No viene a cuento el porqué ni el dónde. 10.30 horas. Solecito. Unos 20 grados. El patio de una residencia de mayores. Amplio. Salpicado de árboles que dan cobijo a cotorras, mirlos, palomas y gorriones. Mesas y sillas sin clientes. Es temprano aún. Los que empiezan, a salir a tomar el sol, lo hacen precavidos. Bien pertrechados. En ocasiones, con mantas. Comienzan a aparecer acompañados de bastones, andadores y sillas de ruedas. Cada uno a su ritmo, que suele ser lento pero seguro.
Un hombre, en la puerta, da los buenos días. Muy correcto. Educado. Supera las ocho décadas. Una cordobesa, elegante, se unta crema de protección solar en las piernas. Lo hace sin disimulo y en abundancia. Teresa pasa rápida con su andador. Pasitos cortos. Pregunta la hora. Siempre lo hace y busca su silla. Es como los demás asientos. De resina. En la esquina. Junto a los ventanales de la planta baja. Toma asiento y pocos minutos después afronta una nueva aventura en forma de caminata.
Comienzan a llegar los familiares. No lo pueden hacer antes de las 10.30 horas. El patio, al contrario que el de Pablo López, se va llenando. Al fondo, donde pocos llegan, se distinguen dos sillas. Juntas. Pegadas. Un hombre y una mujer se besan sin interrupción. No paran. Él, con la cabeza despejada; se esmera en las carantoñas. Primero en las manos. Luego en la cara. Los labios van y vuelven hasta la exageración. No hablan. Murmuran. Ella, pelo canoso y algún tipo de discapacidad. Parece mayor que él. Bastante. Se conocieron en la residencia. Él tuvo una estancia temporal para recuperarse de un percance. Ya está recuperado y viviendo en su casa, pero acude raudo y veloz a su cita con su enamorada. Mañana y tarde, juntos. Pide permiso, incluso, para comer en la residencia pese a ser externo. Se lo permiten. Comen juntos pero después que el resto de residentes. Es domingo y toca arroz con pollo. También se acarician las manos sobre el mantel.
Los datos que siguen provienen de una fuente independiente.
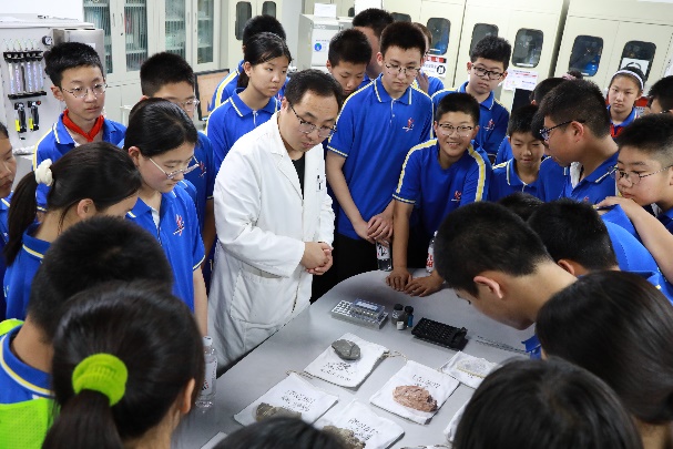 在沉积动力过程模拟实验室,学生们参观了我国首个现代化沉积地质模拟实验室。通过观察水槽中沉积物的搬运堆积过程,配合三维激光扫描仪、超声流速剖面测量仪等高精度设备的演示,学生们对地质作用有了更直观的认识。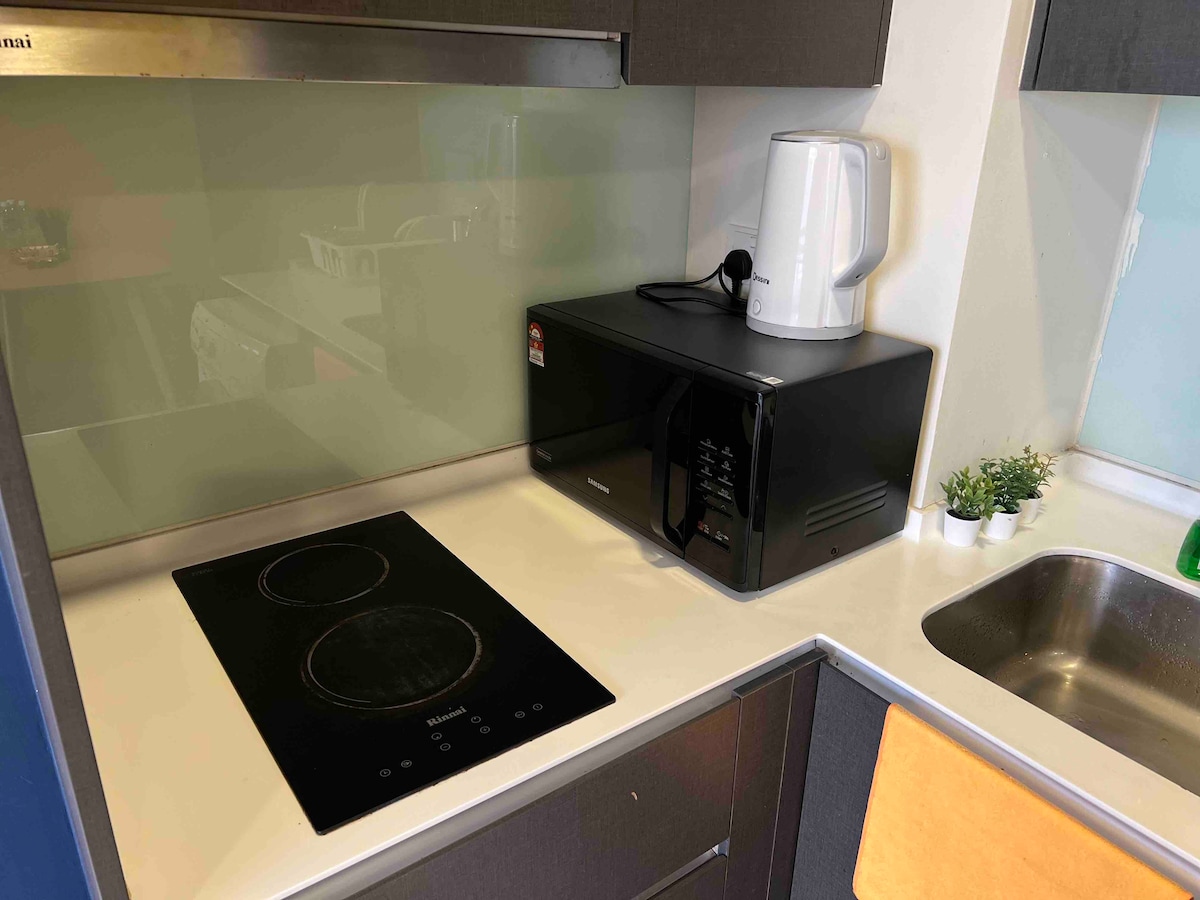 @ Spacious Lakeview Studio Unit. @ piso alto con impresionantes vistas al lago Putrajaya. Televisión inteligente de 45pulgadas instalada con Netflix, Disney+ Hotstar y YouTube. Todo el acceso es gratis. @ Conexión WIFI de banda ancha de alta velocidad. Nevera, horno microondas, freidora de aire, fogón, hervidor de agua y utensilios de cocina para uso básico en la cocina. @ Lavadora con área de secado. @ Cómodo colchón tamaño king. @ Baño limpio con ducha caliente. @ Instalaciones de la casa club @ Filtro de agua Cuckoo @ Entrada con cerradura inteligente

Su historia de amor es un escándalo. Yo creo que ha sido con lengua, qué andará buscando porque él es más joven que ella, qué hartura, no paran, qué vergüenza. Son algunas de las exclamaciones que pueden escucharse en el patio, algunas sin disimulo. Es un cariño incomprendido. El de dos personas mayores, que en el ocaso de la vida, han encontrado su propia historia de amor o, al menos, la escenifican.